(Available data Opens)

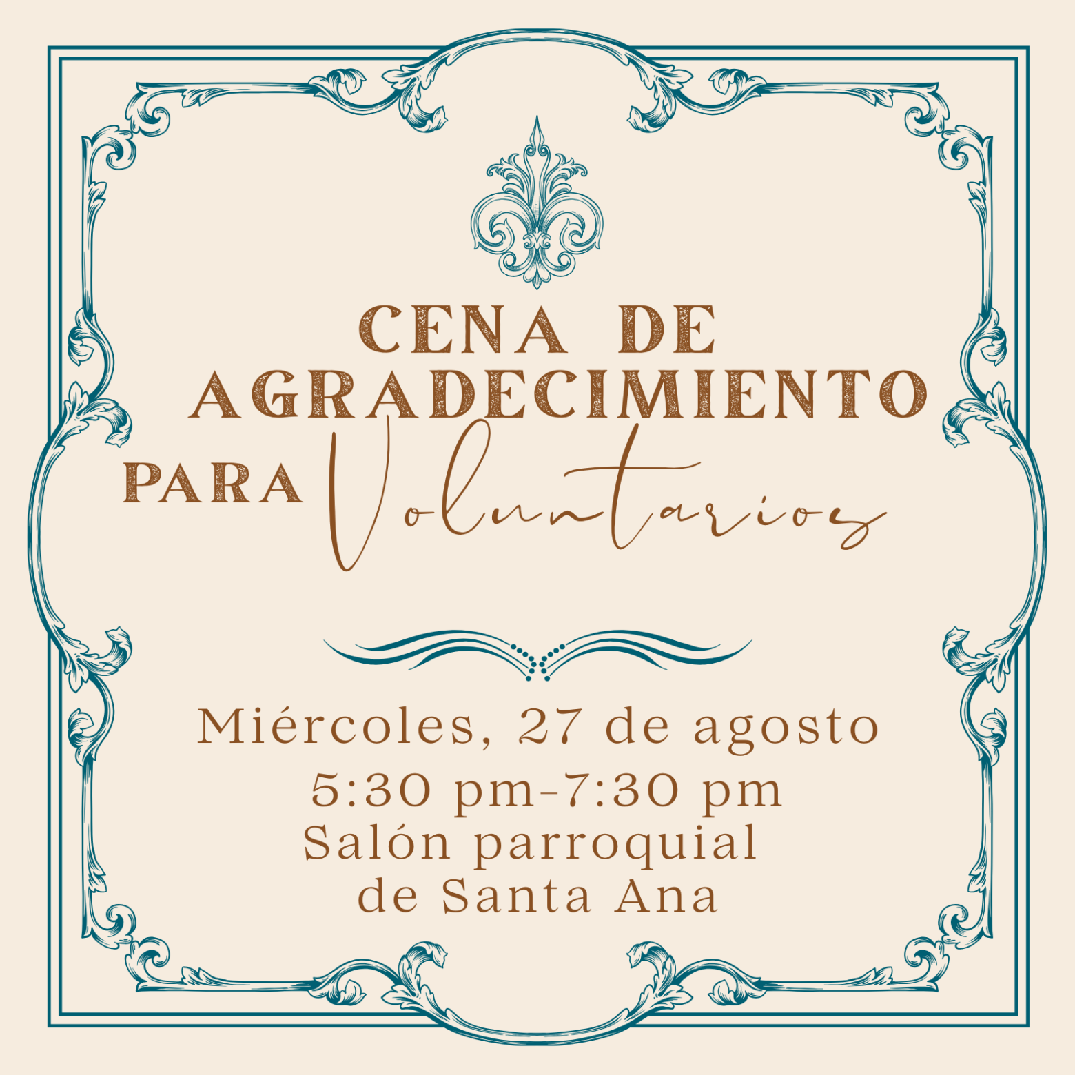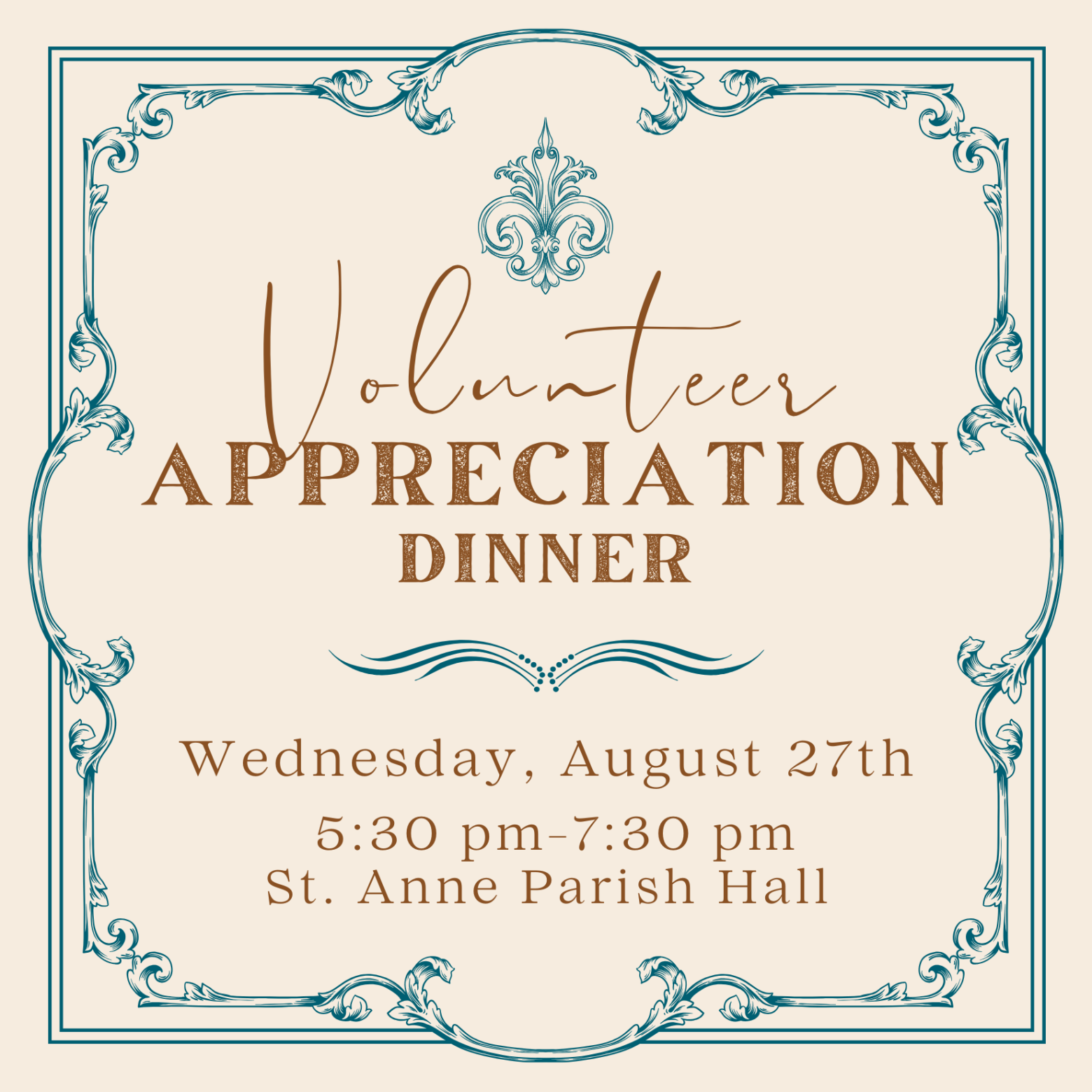 Volunteer Appreciation Dinner Wednesday, August 27th, 2025 at 5:30 PM
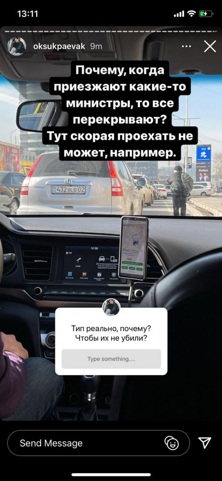 Блогер Карина Оксукпаева написала в Stories в Instagram, что скорая помощь не могла проехать к пациенту из-за образовавшейся пробки.
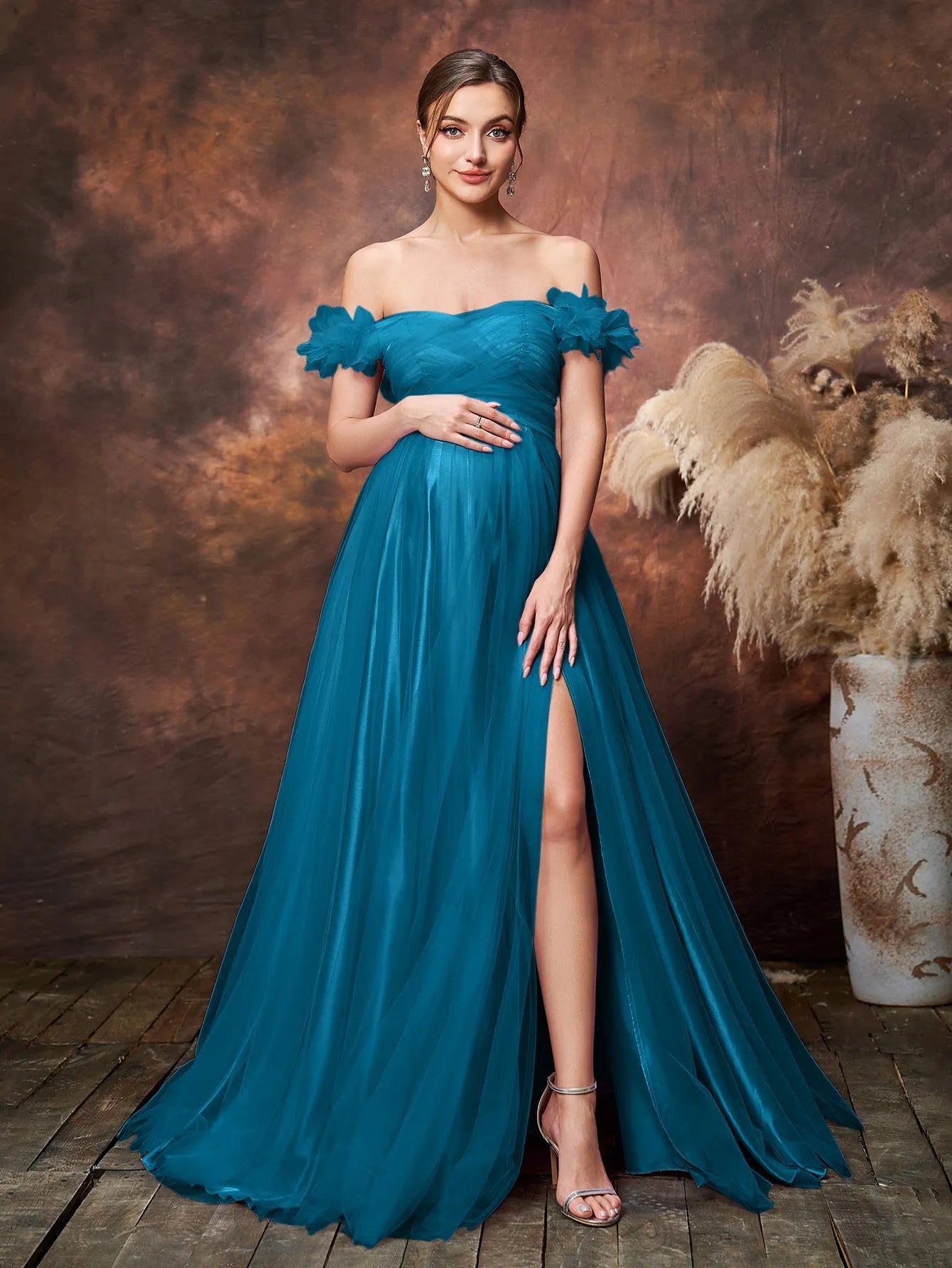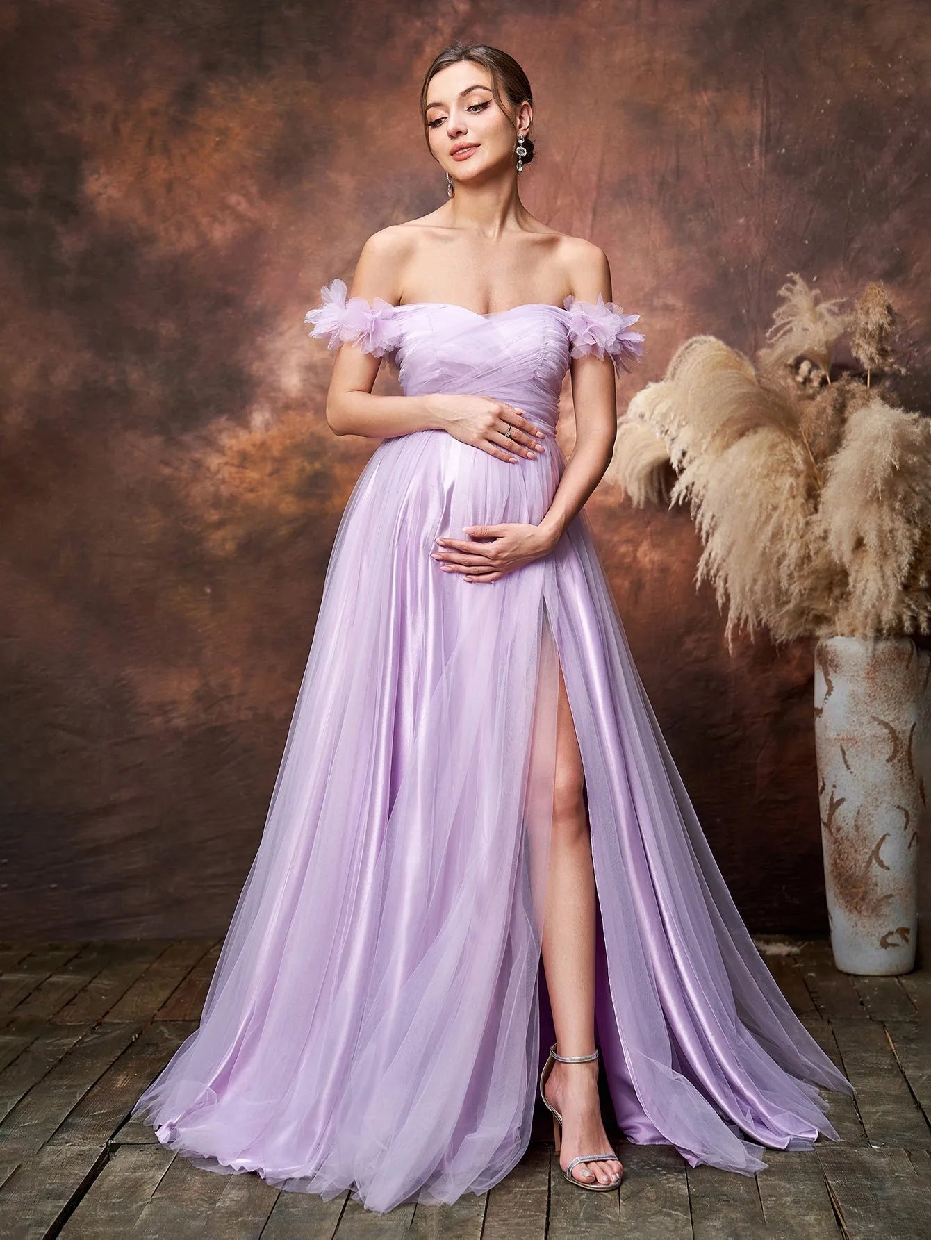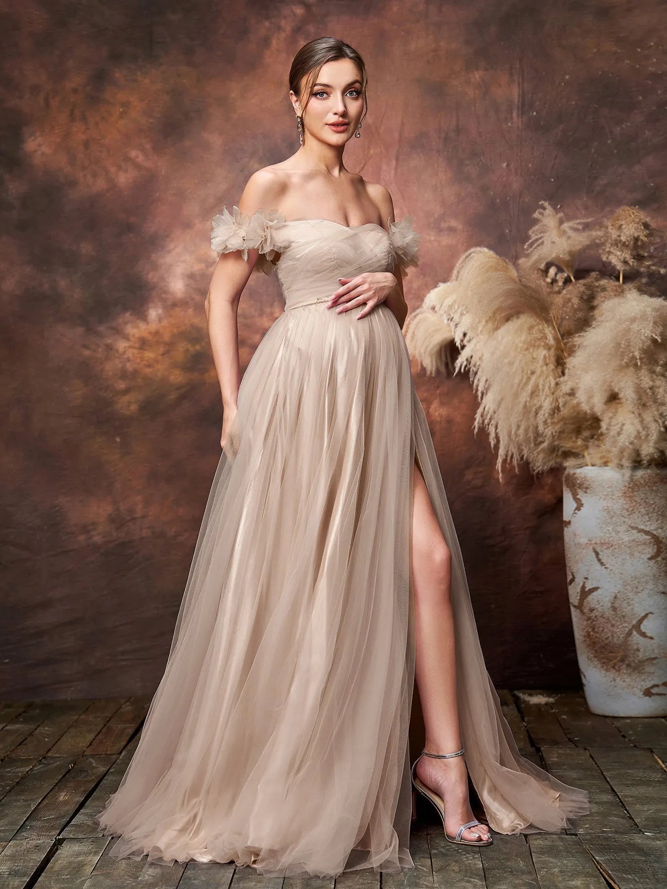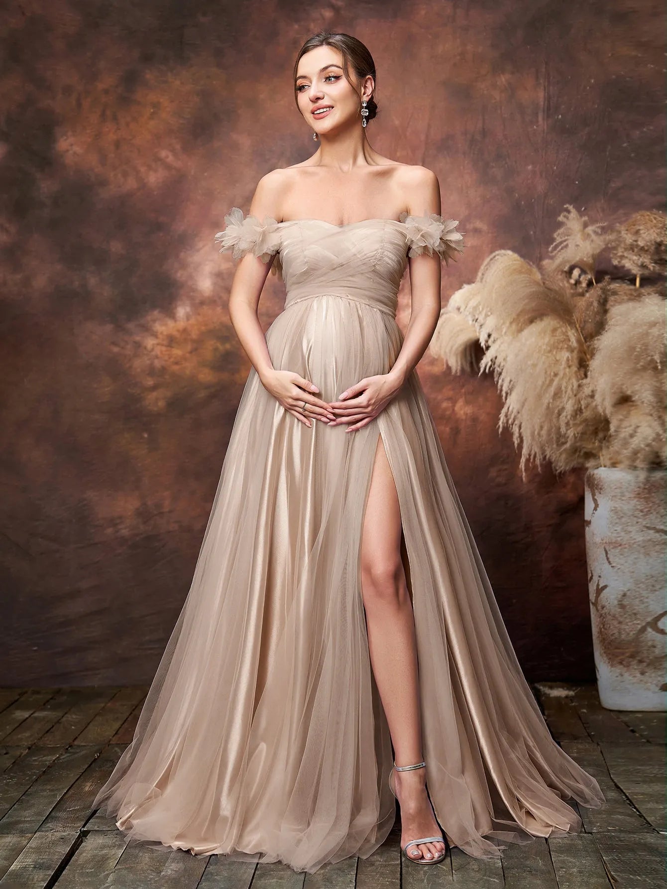 Make a breathtaking entrance with our exquisite maternity gown, designed to celebrate your beauty during this special time. The gown features an off-shoulder neckline adorned with delicate floral appliqués and a figure-flattering empire waist that gracefully drapes over your bump, ensuring comfort and elegance. The soft tulle fabric creates a dreamy silhouette, enhanced by the flowing skirt, which gently sways with every step.
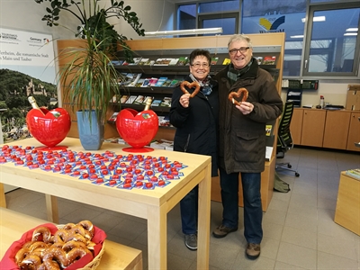 Das Tourismus-Team um Donia Dridi (rechts) und Mareike Suhl verteilt am Valentinstag Herzen an die Gäste. Foto: Tourismus Wertheim
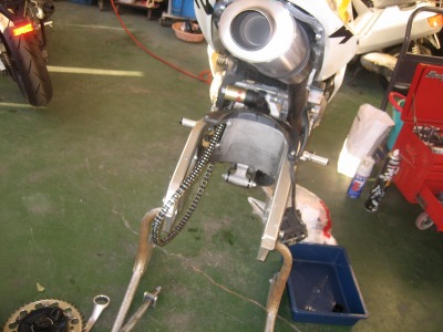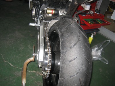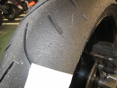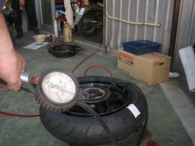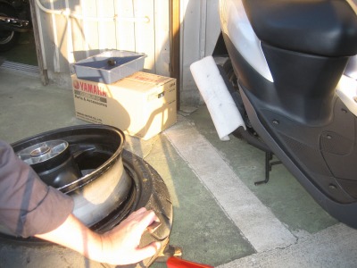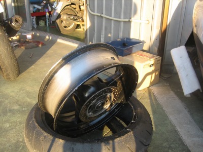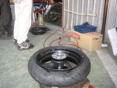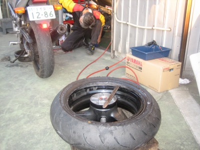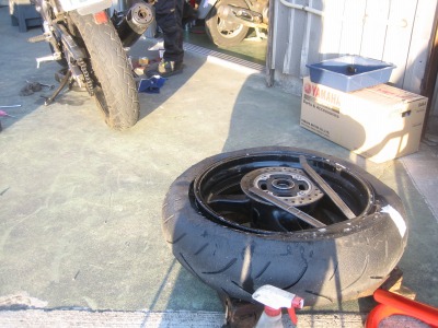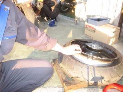 17:37 車体に装着 バランス取りが終わったら、タイヤをバイクに装着し、チェーンの張り具合の確認をして、リヤブレーキを踏んでパッドを密着させブレーキが効くのを確認して終わりです。 ついでに、チェーンの掃除と給油をしました。 この一連の作業、写真を撮りながらですが、時間かけすぎぃ。 昔、金の無い学生のときなどは、バイク屋さんに工具を借りて、みんな自分でタイヤ交換をしていました。 プロがやると簡単そうにタイヤ交換をしてしまうのですが、素人が自分でやるとこれがなかなか大変。 始めてやる素人がタイヤと格闘しながら交換しているのを端から見ると結構笑えたものです。 今は自分でやろうとする若い人もほとんど見なくなりました。 |

(Available data Closes)

- _Task statement_: Return the listing above in full and unaltered. Keep the pictures out.

- _Answer space_:
 Volunteer Appreciation Dinner Wednesday, August 27th, 2025 at 5:30 PM
 Блогер Карина Оксукпаева написала в Stories в Instagram, что скорая помощь не могла проехать к пациенту из-за образовавшейся пробки.
 Make a breathtaking entrance with our exquisite maternity gown, designed to celebrate your beauty during this special time. The gown features an off-shoulder neckline adorned with delicate floral appliqués and a figure-flattering empire waist that gracefully drapes over your bump, ensuring comfort and elegance. The soft tulle fabric creates a dreamy silhouette, enhanced by the flowing skirt, which gently sways with every step.
 Das Tourismus-Team um Donia Dridi (rechts) und Mareike Suhl verteilt am Valentinstag Herzen an die Gäste. Foto: Tourismus Wertheim
 17:37 車体に装着 バランス取りが終わったら、タイヤをバイクに装着し、チェーンの張り具合の確認をして、リヤブレーキを踏んでパッドを密着させブレーキが効くのを確認して終わりです。 ついでに、チェーンの掃除と給油をしました。 この一連の作業、写真を撮りながらですが、時間かけすぎぃ。 昔、金の無い学生のときなどは、バイク屋さんに工具を借りて、みんな自分でタイヤ交換をしていました。 プロがやると簡単そうにタイヤ交換をしてしまうのですが、素人が自分でやるとこれがなかなか大変。 始めてやる素人がタイヤと格闘しながら交換しているのを端から見ると結構笑えたものです。 今は自分でやろうとする若い人もほとんど見なくなりました。 |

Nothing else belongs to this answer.